> WORK INSTRUCTIONS: The expected answer is the data below, printed verbatim without its pictures.

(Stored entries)
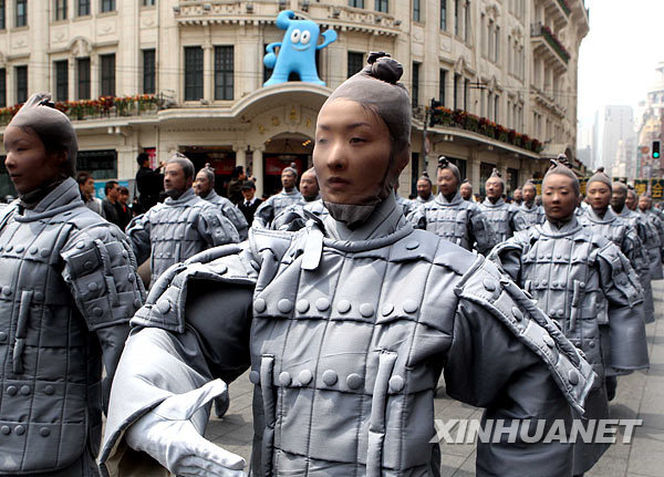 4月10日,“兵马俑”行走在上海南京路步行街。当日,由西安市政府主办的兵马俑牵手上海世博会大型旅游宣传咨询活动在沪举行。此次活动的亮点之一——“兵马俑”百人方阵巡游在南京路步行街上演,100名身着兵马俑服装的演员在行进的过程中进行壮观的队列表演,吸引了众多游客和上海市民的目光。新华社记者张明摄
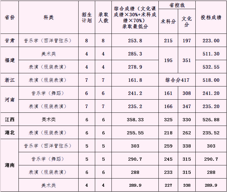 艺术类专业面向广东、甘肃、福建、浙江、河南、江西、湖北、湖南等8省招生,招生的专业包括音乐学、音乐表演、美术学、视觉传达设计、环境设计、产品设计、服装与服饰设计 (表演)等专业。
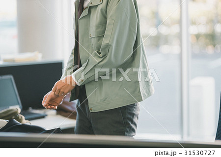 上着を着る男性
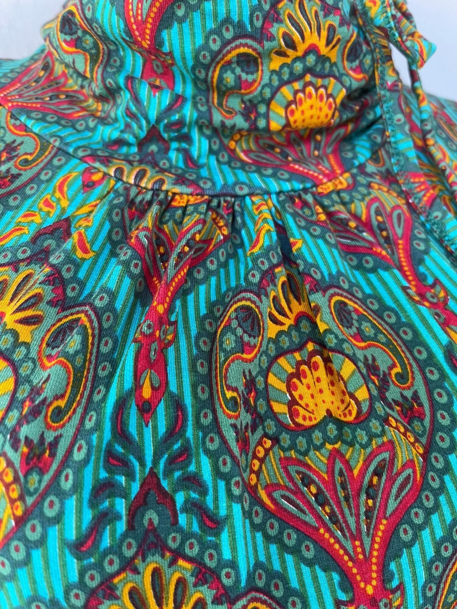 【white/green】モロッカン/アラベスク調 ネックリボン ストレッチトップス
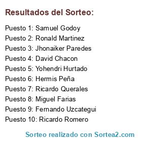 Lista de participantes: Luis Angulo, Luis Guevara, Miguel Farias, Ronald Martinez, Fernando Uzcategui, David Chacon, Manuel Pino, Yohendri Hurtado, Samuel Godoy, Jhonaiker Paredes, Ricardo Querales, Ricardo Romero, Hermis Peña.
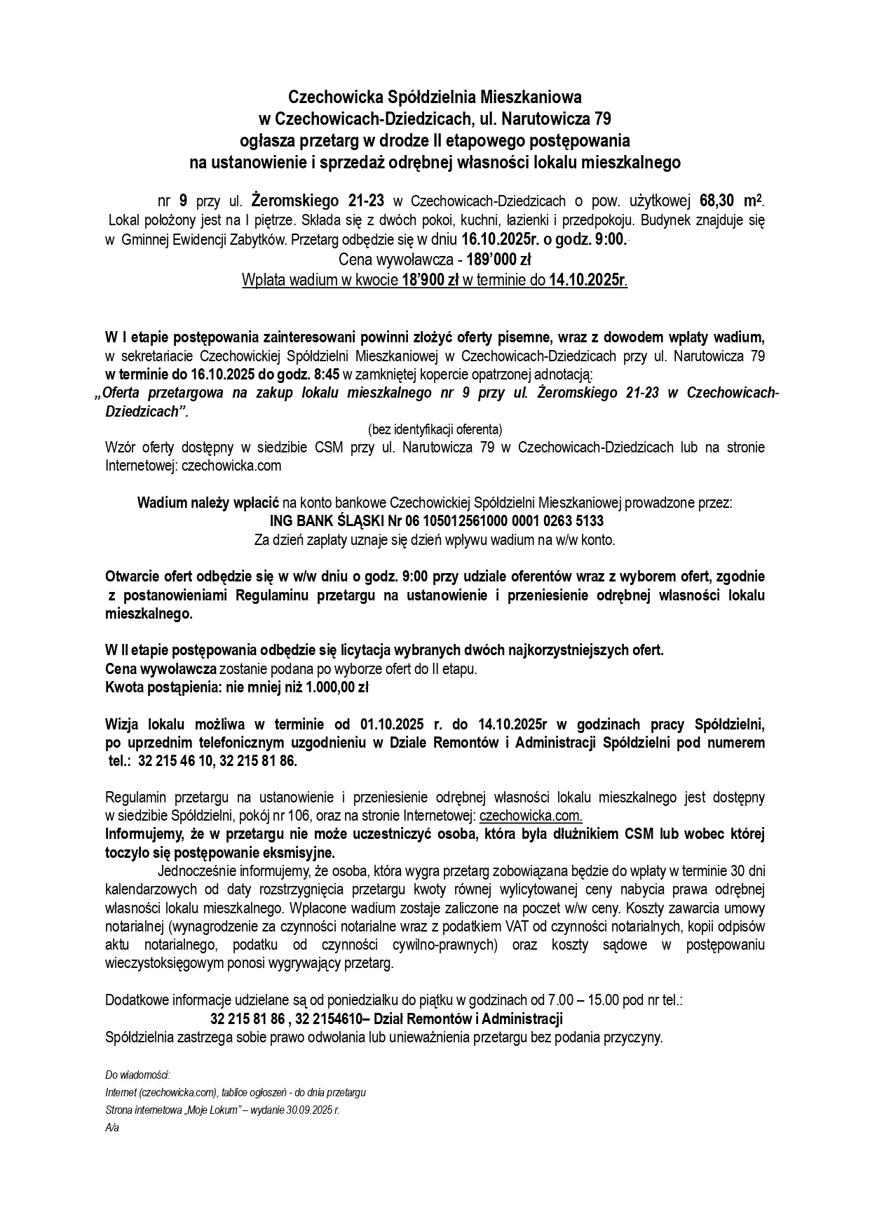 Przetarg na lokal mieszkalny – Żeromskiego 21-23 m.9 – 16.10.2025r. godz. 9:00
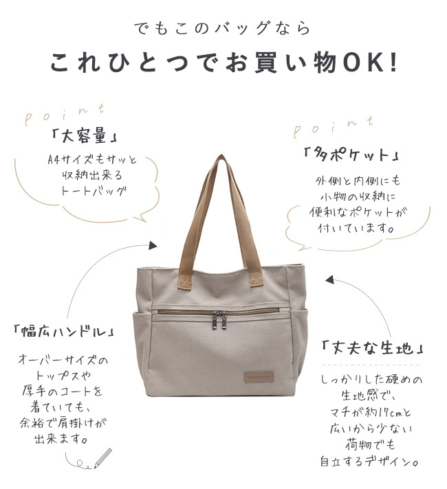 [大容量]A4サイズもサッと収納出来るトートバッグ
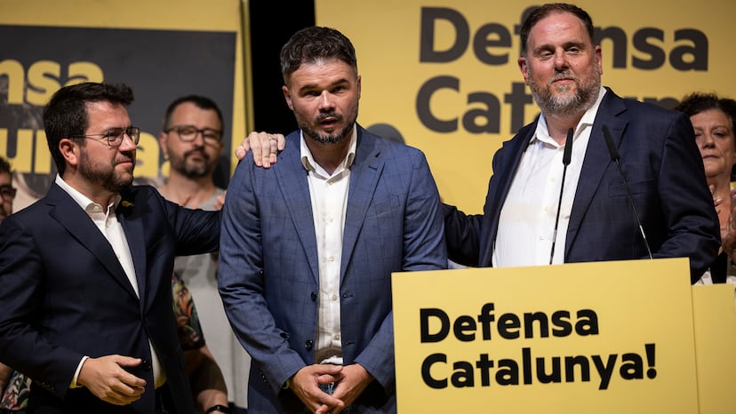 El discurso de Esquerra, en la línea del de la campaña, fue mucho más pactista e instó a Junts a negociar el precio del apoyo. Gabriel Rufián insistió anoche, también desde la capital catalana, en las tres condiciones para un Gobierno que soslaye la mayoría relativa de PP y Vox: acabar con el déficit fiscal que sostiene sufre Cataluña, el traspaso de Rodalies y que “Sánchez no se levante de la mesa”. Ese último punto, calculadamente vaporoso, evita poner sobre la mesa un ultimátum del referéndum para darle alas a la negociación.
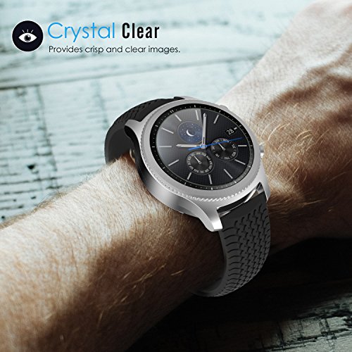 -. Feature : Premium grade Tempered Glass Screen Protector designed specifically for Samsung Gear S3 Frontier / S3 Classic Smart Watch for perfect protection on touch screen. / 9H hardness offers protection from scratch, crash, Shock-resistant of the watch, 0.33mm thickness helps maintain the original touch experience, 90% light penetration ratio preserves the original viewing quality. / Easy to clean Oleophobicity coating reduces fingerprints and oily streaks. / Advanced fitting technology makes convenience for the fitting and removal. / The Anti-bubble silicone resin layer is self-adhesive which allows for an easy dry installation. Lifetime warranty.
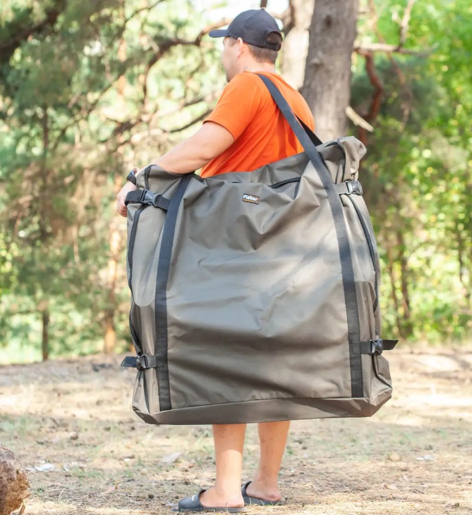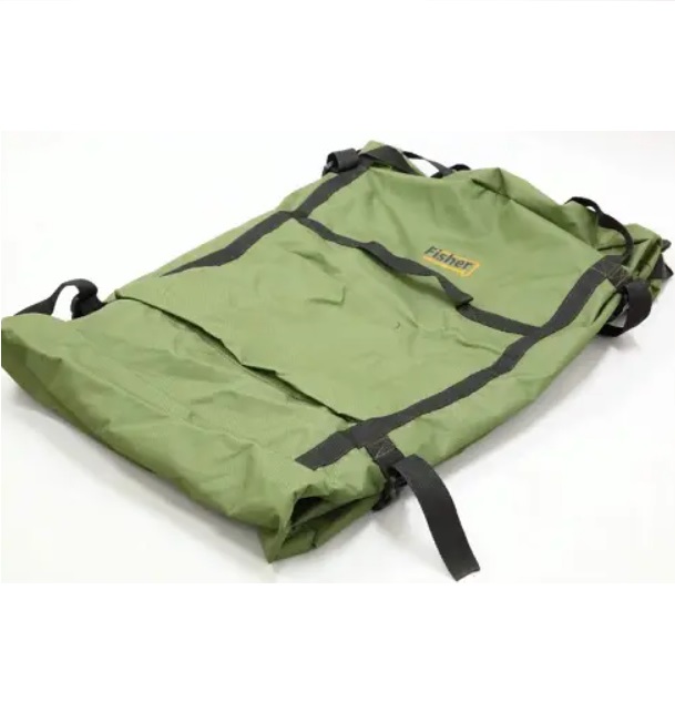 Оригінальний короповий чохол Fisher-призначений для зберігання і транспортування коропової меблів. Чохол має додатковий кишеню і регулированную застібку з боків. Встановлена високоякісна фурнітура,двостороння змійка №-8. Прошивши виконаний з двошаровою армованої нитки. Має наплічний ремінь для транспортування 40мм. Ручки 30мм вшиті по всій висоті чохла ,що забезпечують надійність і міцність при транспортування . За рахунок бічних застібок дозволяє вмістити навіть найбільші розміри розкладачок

> THE ANSWER:
 4月10日,“兵马俑”行走在上海南京路步行街。当日,由西安市政府主办的兵马俑牵手上海世博会大型旅游宣传咨询活动在沪举行。此次活动的亮点之一——“兵马俑”百人方阵巡游在南京路步行街上演,100名身着兵马俑服装的演员在行进的过程中进行壮观的队列表演,吸引了众多游客和上海市民的目光。新华社记者张明摄
 艺术类专业面向广东、甘肃、福建、浙江、河南、江西、湖北、湖南等8省招生,招生的专业包括音乐学、音乐表演、美术学、视觉传达设计、环境设计、产品设计、服装与服饰设计 (表演)等专业。
 上着を着る男性
 【white/green】モロッカン/アラベスク調 ネックリボン ストレッチトップス
 Lista de participantes: Luis Angulo, Luis Guevara, Miguel Farias, Ronald Martinez, Fernando Uzcategui, David Chacon, Manuel Pino, Yohendri Hurtado, Samuel Godoy, Jhonaiker Paredes, Ricardo Querales, Ricardo Romero, Hermis Peña.
 Przetarg na lokal mieszkalny – Żeromskiego 21-23 m.9 – 16.10.2025r. godz. 9:00
 [大容量]A4サイズもサッと収納出来るトートバッグ
 El discurso de Esquerra, en la línea del de la campaña, fue mucho más pactista e instó a Junts a negociar el precio del apoyo. Gabriel Rufián insistió anoche, también desde la capital catalana, en las tres condiciones para un Gobierno que soslaye la mayoría relativa de PP y Vox: acabar con el déficit fiscal que sostiene sufre Cataluña, el traspaso de Rodalies y que “Sánchez no se levante de la mesa”. Ese último punto, calculadamente vaporoso, evita poner sobre la mesa un ultimátum del referéndum para darle alas a la negociación.
 -. Feature : Premium grade Tempered Glass Screen Protector designed specifically for Samsung Gear S3 Frontier / S3 Classic Smart Watch for perfect protection on touch screen. / 9H hardness offers protection from scratch, crash, Shock-resistant of the watch, 0.33mm thickness helps maintain the original touch experience, 90% light penetration ratio preserves the original viewing quality. / Easy to clean Oleophobicity coating reduces fingerprints and oily streaks. / Advanced fitting technology makes convenience for the fitting and removal. / The Anti-bubble silicone resin layer is self-adhesive which allows for an easy dry installation. Lifetime warranty.
 Оригінальний короповий чохол Fisher-призначений для зберігання і транспортування коропової меблів. Чохол має додатковий кишеню і регулированную застібку з боків. Встановлена високоякісна фурнітура,двостороння змійка №-8. Прошивши виконаний з двошаровою армованої нитки. Має наплічний ремінь для транспортування 40мм. Ручки 30мм вшиті по всій висоті чохла ,що забезпечують надійність і міцність при транспортування . За рахунок бічних застібок дозволяє вмістити навіть найбільші розміри розкладачок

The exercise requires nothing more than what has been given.